Племянник замечал это и улыбался. Для него излюбленным моментом было, когда гасли огни и зал погружался в темноту. И не арии, и даже не хор, а сам оркестр в слитности звуков, из которых каждый, однако, мог быть уловлен юношей отдельно, таинством своего согласования увлекал его. Он постигал в музыкальной игре то, что оставалось незаметным для большинства сидящих в зале и иначе расхолодило бы их. Своими впечатлениями он редко делился с дядей, и обычно лишь общепринятыми словами «очень мило» или «удачно» они обменивались о спектакле. Но он становился сосредоточен и молчалив. К нему, к его разуму и сердцу, как бы взывали два мира: один из них, несколько идиллический, хотя и не чуждый элегий, — театральный, а другой — в институте, притом существующий воочию не в классах, а в спальнях и па буйных товарищеских сходках. Два этих мира явно враждовали. В музыке, которую он слышал, еще не было мелодии, которая могла бы их объединить. Больше того, иногда ему казалось, что музыка только уводит от мира, более близкого к действительности. И об этом, собственно, не с кем было поговорить. Разве лишь с Федором Николаевичем? О «злых вопросах» удобнее всего беседовать с ним.
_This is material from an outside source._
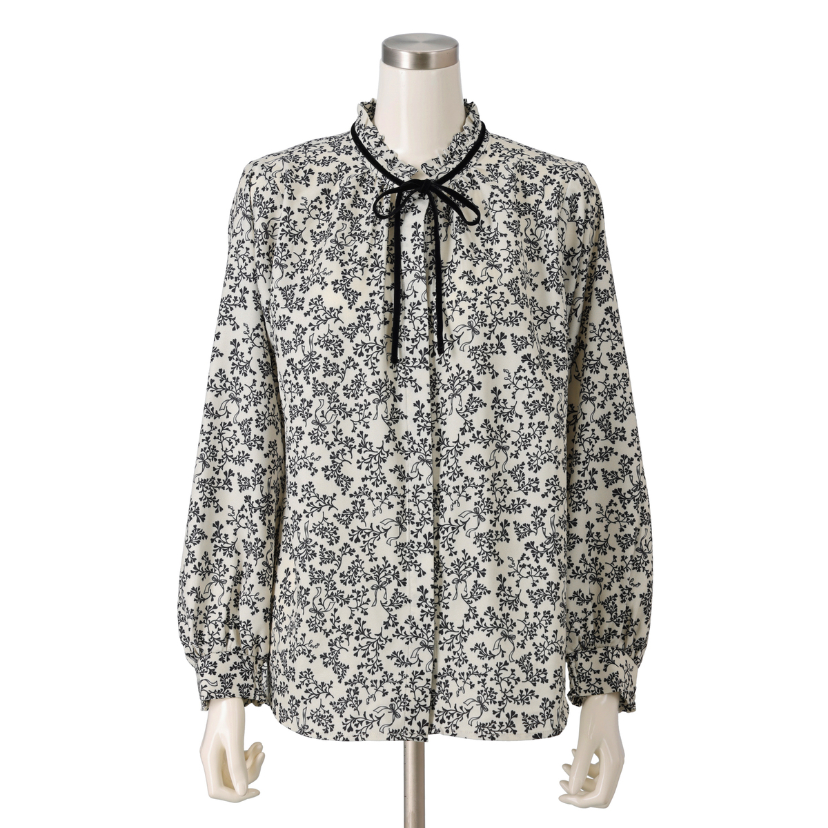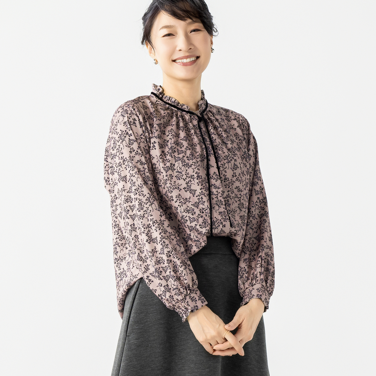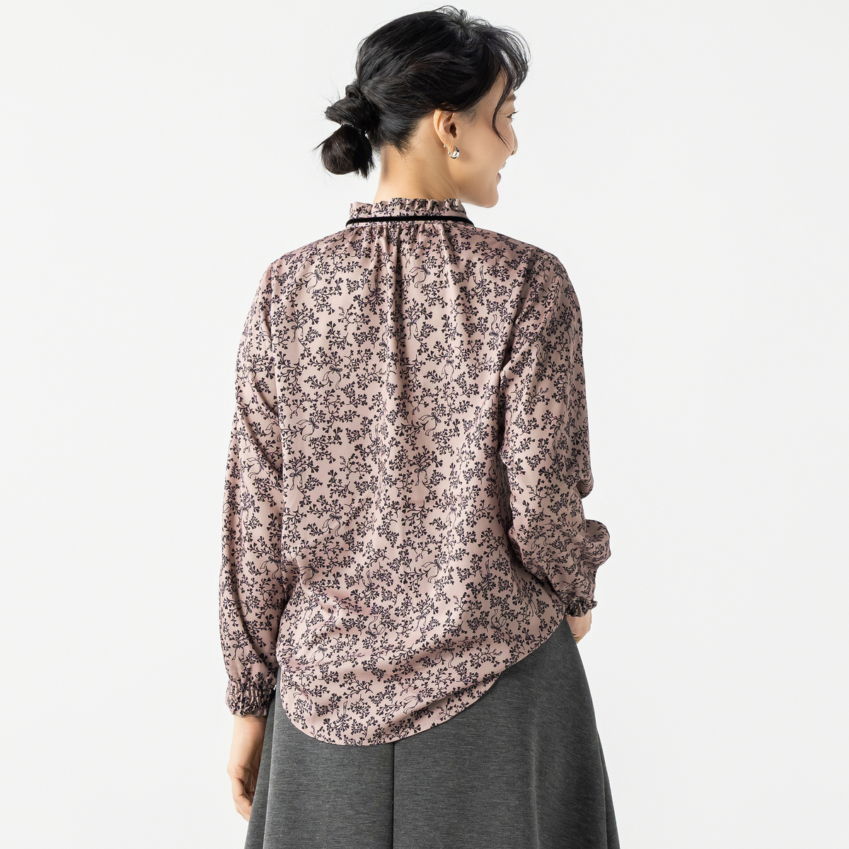 華やかなハートフラワープリントのブラウス。首元のフリルとベルベット調のリボンが上品なアクセントに

Но порой вскипало раздражение, и тогда в мыслях являлись образы «музыкального ходока» — издателя астраханского журнала и других подобных ему искателей правды в искусстве. Юноша приставал к дяде с просьбами «ввести его в круг итальянщиков» или познакомить с композиторами. Дядя отмалчивался: с Варламовым он не знаком, Верстовский обычно в Москве, Бортнянский недоступен, другие — их немало — в тени большого света совсем не видны. Но однажды в Коломне Михаилу Глинке посчастливилось все же услышать неизвестно кем сложенную песню о композиторе, песню о певце, и она захватила его своей правдой и грустью больше, чем опера какого-либо «корсара», как прозывали музыкантов-«итальянщиков». Женский молодой голос пел эту песню с чердака ветхого, наводящего уныние дома. Глинка слушал ее, притаившись, и записывал отдельные строфы в тетрадку, предназначенную для алгебры, оказавшуюся в кармане.
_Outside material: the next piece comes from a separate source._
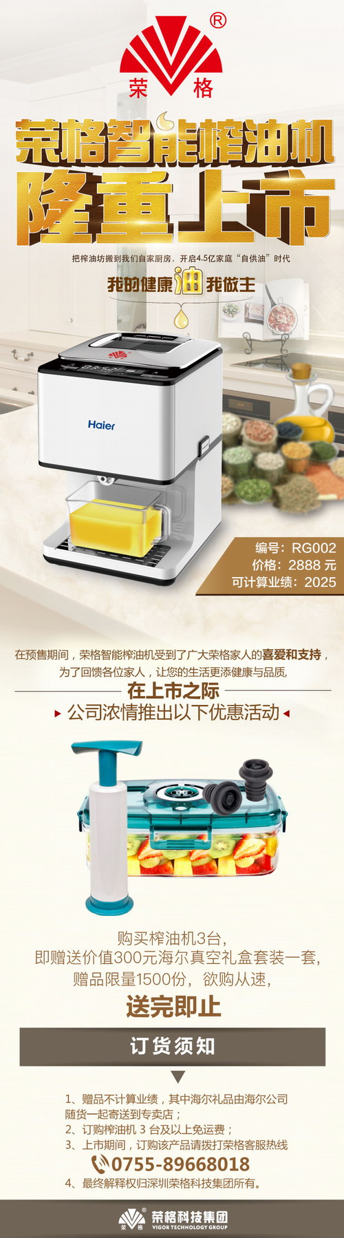 把榨油坊搬进厨房 荣格智能榨油机隆重上市

Неведомая певица передохнула, с чердака что-то упало — может быть, она прачка и развешивала там белье? И опять с новой и скорбной силой зазвучал ее голос:
Глинка не мог уйти, не повидав певицу. Ему хотелось, чтобы она была красива, стройна, печальна, но чтобы страдающий облик ее был бы мил и душевен, как ее песня. Ему недолго пришлось ждать. Какая-то разряженная деваха в стеклянных бусах и со следами зубного порошка на лице, употребляемого вместо пудры, вывела вниз по лестнице пьяного околоточного надзирателя — он спал на чердаке, и может быть, после веселой попойки. Благородный пансионер ушел, недоумевая.